In the intro of TMNT the song goes like this:

When the evil Shredder attacks, these Turtle boys don't cut him no slack!

As what I have searched "cut someone some slack" means: to treat (someone) in a less harsh or critical way

Based on what I have learned, we either use "don't/doesn't" or "no" for making a sentence negative, like "I don't like it" or "This is no good". If I wanted to make the above idiom negative I would either say:

these Turtle boys don't cut him any slack!


these Turtle boys cut him no slack!

but why are both of "don't" and "no" used here? If it's OK to use both don't and no in one sentence in which situations we can do so?

  • 5
    Using "don't" and "no" in one sentence... don't make no sense.
    – 41686d6564
    Commented Mar 14, 2022 at 3:05
  • @41686d6564 Does is make any sense now?
    – user141755
    Commented Mar 14, 2022 at 8:21
  • 3
    That was a joke :) "don't make no sense" has two grammatical errors but it's common usage in informal speech in some dialects as explained in the answer below. To be grammatically correct, I should've said "doesn't make any sense" or "makes no sense".
    – 41686d6564
    Commented Mar 14, 2022 at 8:42
  • 1
    Idioms don't follow the rules.
    – mcalex
    Commented Mar 15, 2022 at 5:23

1 Answer 1


It's an example of a double negative, used in some dialects/regional varieties of English. It's non-standard. It basically means the same as "don't cut him any slack".

Songs often use dialects/regional varieties of English. You may also find these used in literature, for example when directly quoting speech, or possibly even in poetry, rap, movies, etc.

Some examples of double negatives in lines from other songs:

  • Ain't no sunshine when she's gone - Ain't No Sunshine, by Bill Withers
  • I can't get no satisfaction - Satisfaction, by the Rolling Stones
  • We don't need no education - Another Brick in the Wall, Part 2, by Pink Floyd
  • It wouldn't be nothing, nothing without a woman or a girl - It's a Man's World, by James Brown
  • 3
    Another well-known exemple is "I didn't do nothing wrong".
    – Polygnome
    Commented Mar 13, 2022 at 22:24
  • 3
    @anotherdave I'm not "arguing against" the use of double negatives here.
    – Billy Kerr
    Commented Mar 14, 2022 at 10:55
  • 7
    @anotherdave I mean non-standard in regard to formal English grammar.
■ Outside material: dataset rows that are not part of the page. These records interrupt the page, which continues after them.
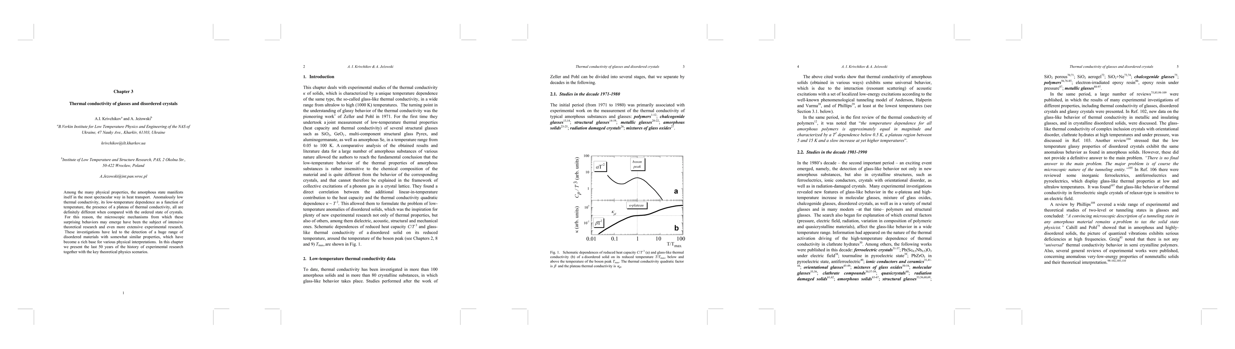 Among the many physical properties, the amorphous state manifests itself in the most spectacular way in heat transport. Anomalously low thermal conductivity, its low-temperature dependence as a function of temperature, the presence of a plateau of thermal conductivity, all are definitely different when compared with the ordered state of crystals. For this reason, the microscopic mechanisms from which these surprising behaviors may emerge have been the subject of intensive theoretical research and even more extensive experimental research. These investigations have led to the detection of a huge range of disordered materials with somewhat similar properties, which have become a rich base for various physical interpretations. In this chapter we present the last 50 years of the history of experimental research together with the key theoretical physics scenarios
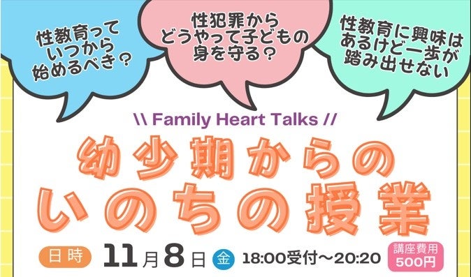 2024年11月8日(金)、熊本県民交流館パレアホールにて開催される親子で学ぶ性教育イベント「Family Heart Talks」で保護者と子どもたちが一緒に性について学ぶ貴重な機会を提供します。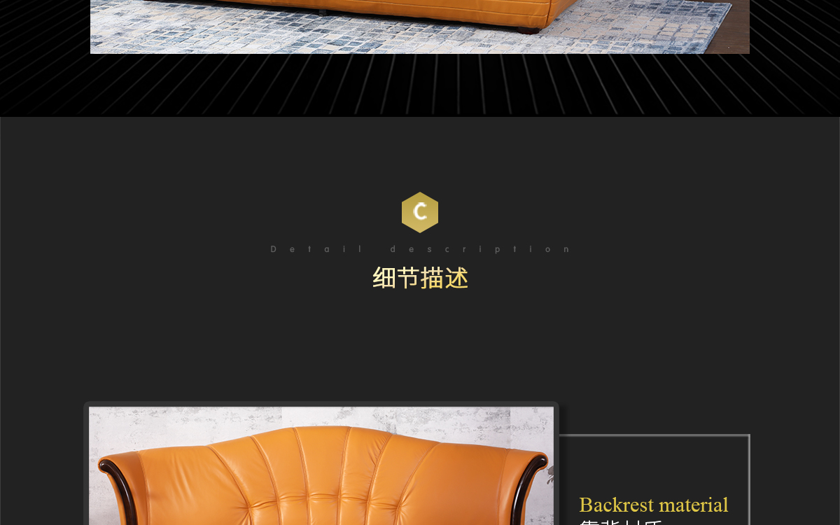 靠背材質:黃牛頭層牛皮靠背填充物:高密度環保定型回彈海綿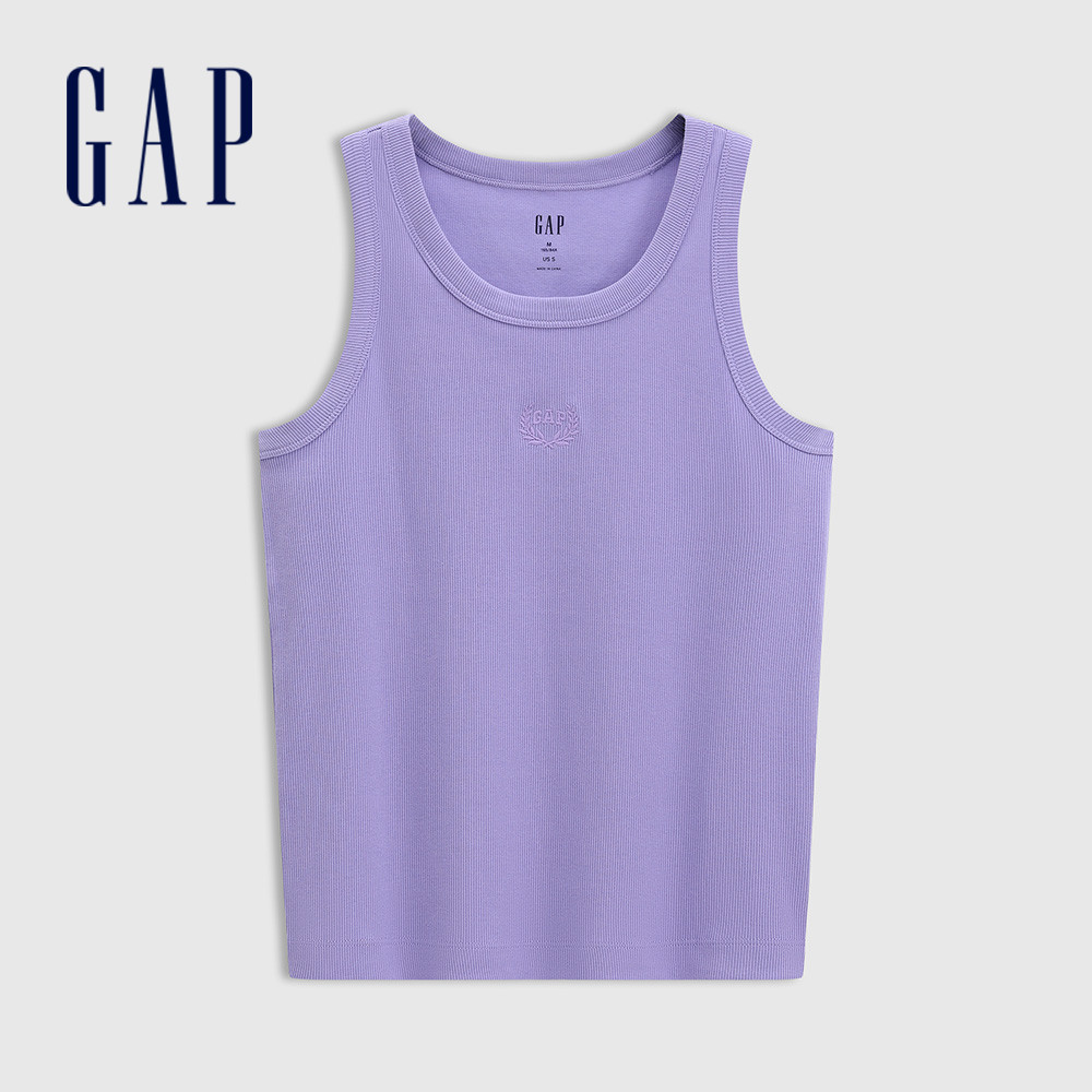 Gap 女裝 Logo刺繡圓領針織背心 女友T系列-紫色(766138)M|L|XL|XS|SVestsGap官方旗艦店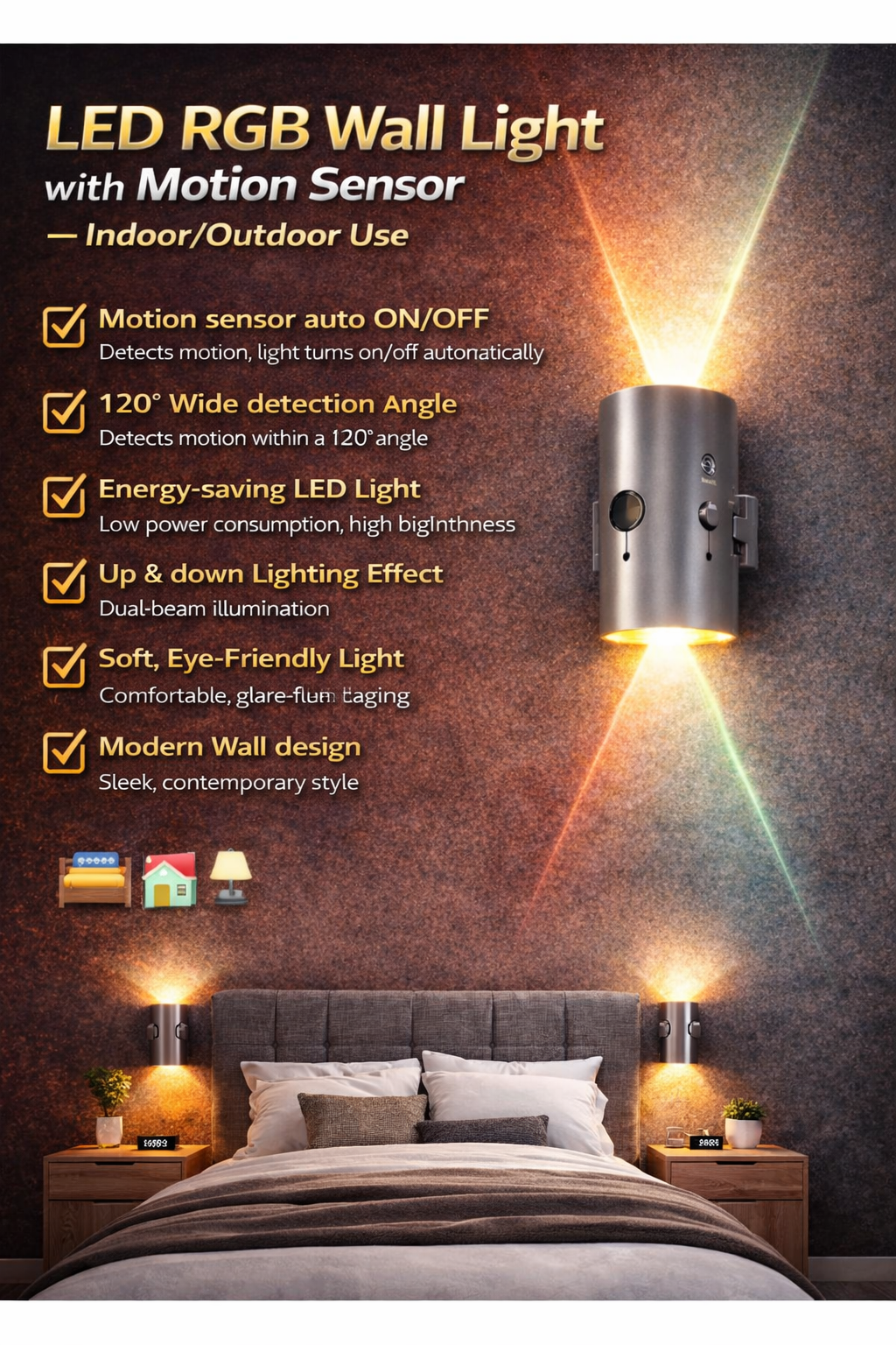 LED RGB Wall Light with Motion Sensor – Indoor/Outdoor Use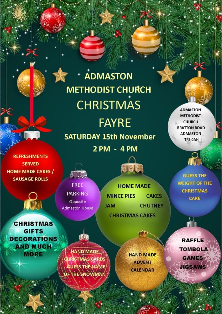 It’s beginning to look a lot like Christmas…So why not come along to the Christmas Fair at Admaston Methodist Church? – Wheelchair accessible

Non-standard does not mean they are not common or widely understood. English language learners are generally taught formal English grammar, so when they see something like this, it confuses the hell out of them, as it goes against everything they've been taught.
    – Billy Kerr
    Commented Mar 14, 2022 at 11:33
  • 4
    Just to explicitly point it out: song lyrics tend to get a broader free pass here because of needing to conform to rhythm and/or rhyme, which can sometimes be achieved using the additional negative. While Bill Withers could've gotten away with "There's no sunshine when she's gone" while keeping the rhythm, the Rolling Stones couldn't easily have maintained the rhythm when avoiding the double negative in "I can't get no satisfaction".
    – Flater
    Commented Mar 14, 2022 at 13:40
  • 8
    @anotherdave, I think the point is that usage of double-negative to mean what the grammar says is perfectly standard. To use a double-negative to mean the opposite of what the grammar says (as per the examples in this answer) are non-standard.